» Required action
The response should consist of the data below, copied exactly, with no pictures in it.

START Provided material

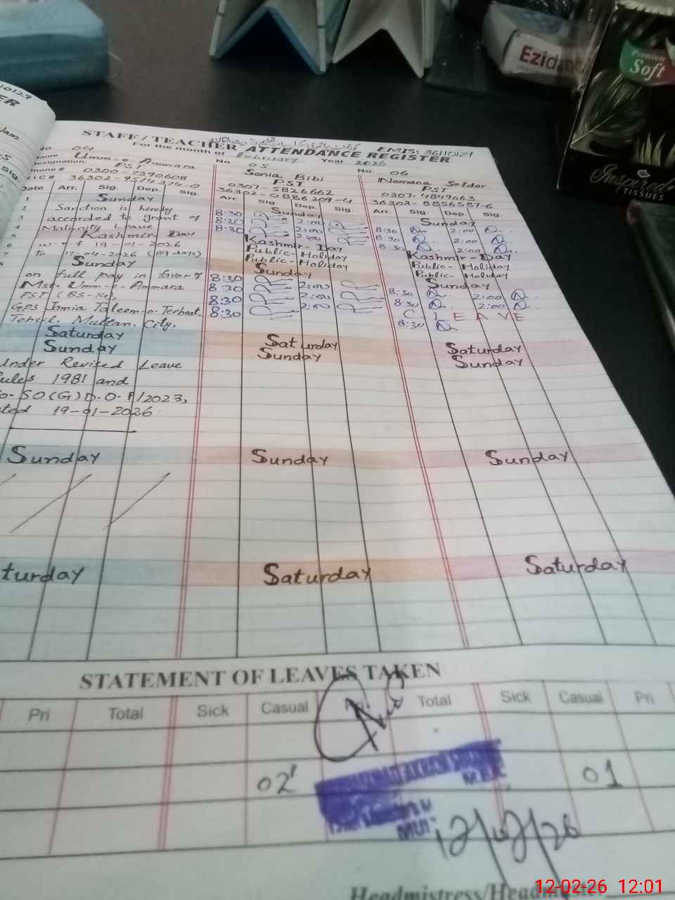 | 36**** | Um**** | PST Arts | Regular | 0 | 0 | 0 | 0 | 0 | 0 | 0 | 0 | 0 | Maternity |
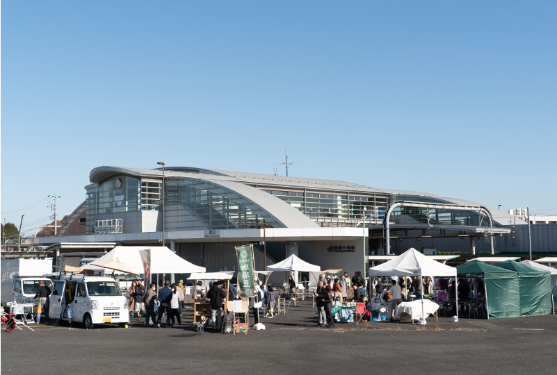 無人販売所を使ったり、キッチンカーを出店したりイベントを実施したり、みんなで楽しくマルシェを開催したり。駅前立地を活用してみてください。
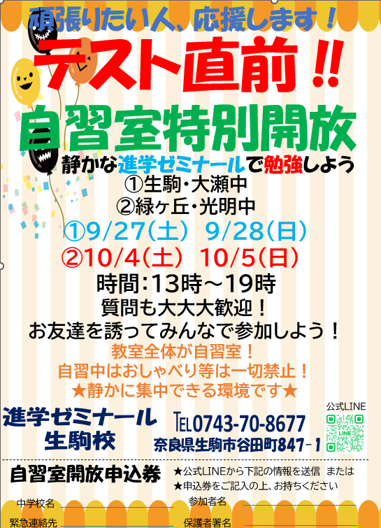 ⇩生駒校では中間テスト直前の土日を特別に開校いたします!⇩

END Provided material

» Reply to the exercise
 | 36**** | Um**** | PST Arts | Regular | 0 | 0 | 0 | 0 | 0 | 0 | 0 | 0 | 0 | Maternity |
 無人販売所を使ったり、キッチンカーを出店したりイベントを実施したり、みんなで楽しくマルシェを開催したり。駅前立地を活用してみてください。
 ⇩生駒校では中間テスト直前の土日を特別に開校いたします!⇩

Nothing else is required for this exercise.